Tanı ve tedavi yöntemleriİşitme kaybının doğru şekilde tanımlanması ve değerlendirilmesinin uygun tedavi sürecinin başlaması için son derece önemli olduğunun altını çizen Op. Dr. Kulaksız, “İşitme testleri, odyolojik incelemeler ve diğer tanı yöntemleri, işitme kaybının türünü, şiddetini ve altında yatan nedenleri belirlemek için kullanılır” şeklinde konuştu.

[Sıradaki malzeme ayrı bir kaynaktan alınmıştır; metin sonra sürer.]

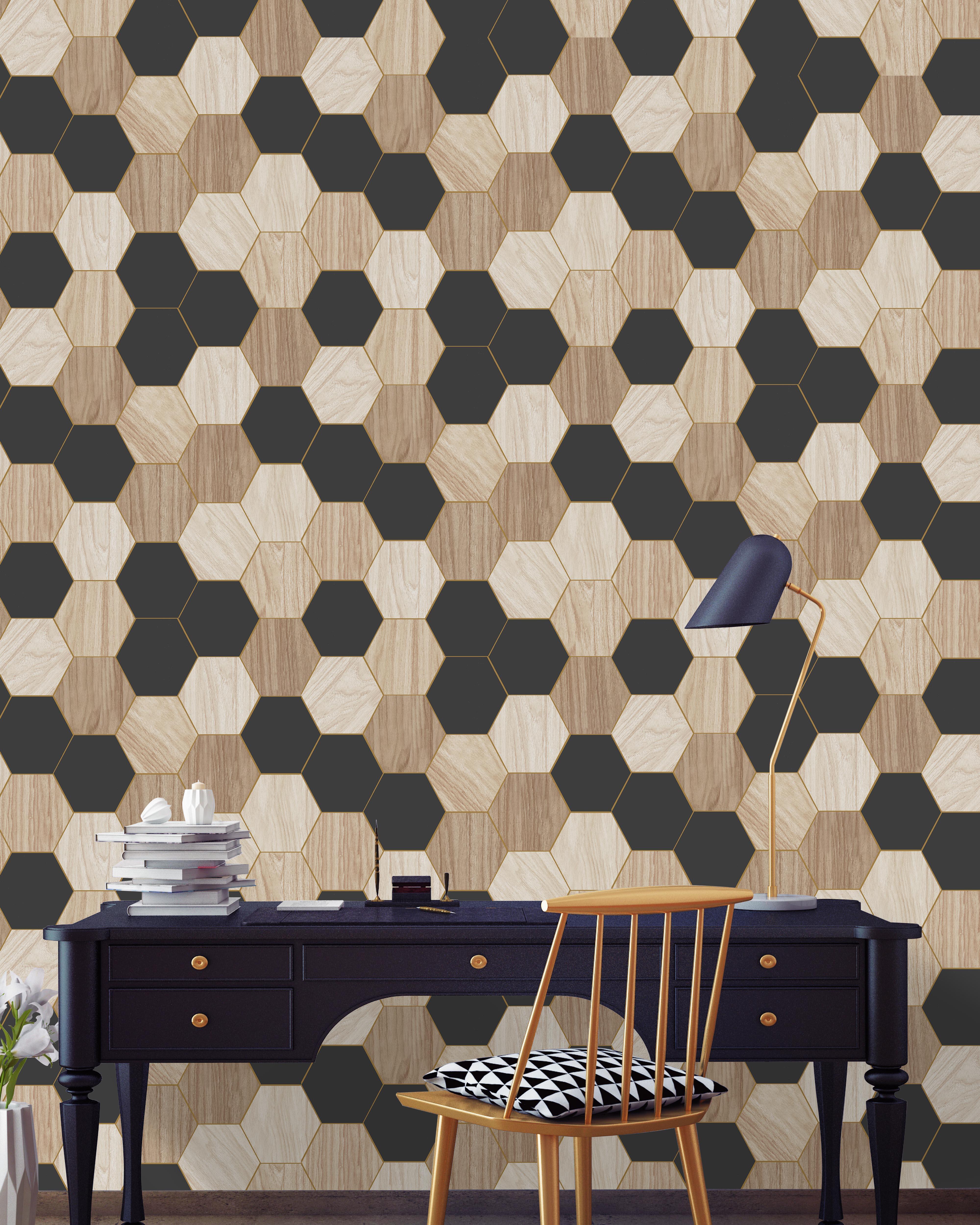 Apporter une touche contemporaine à votre intérieur avec ce papier peint vinyle imitation bois et ses motifs hexagones de couleur. Grâce à son support intissé, la pose est facile : il suffit d'encoller uniquement les murs, d'y dérouler votre lé de papier peint et le tour est joué !

İşitme kaybının tedavi edilebilir veya yönetilebilir birçok nedeni olduğuna işaret eden Op. Dr. Kulaksız, işitme cihazları, koklear implantlar, cerrahi müdahaleler ve ilaç tedavisi gibi seçeneklerin işitme kaybının farklı türlerine yönelik etkili tedavi yöntemleri olduğunu dile getirdi.
“İşitme kaybı önlenebilir”İşitme kaybının bazı nedenlerinin önlenebilir veya azaltılabilir nitelikte olduğunu aktaran Op. Dr. Kulaksız, “Bu yüzden koruyucu önlemler almak, işitme sağlığını korumak için son derece önemlidir. İşitme koruyucu cihazlar, sağlıklı işyeri politikaları, bilinçli gürültü yönetimi ve işitme sağlığını destekleyen yaşam tarzı seçimleri gibi stratejiler, işitme kaybını önlemede etkili olabilir” ifadelerini kullandı.
İşitme kaybının bireylerin yaşam kalitesini ve iş yaşamında başarılarını etkileyebilen önemli bir sorun olduğunu sözlerine ekleyen Op. Dr. Kulaksız, ancak doğru tanı, etkili tedavi seçenekleri ve koruyucu önlemlerle işitme kaybının etkilerinin azaltılabileceğini belirtti.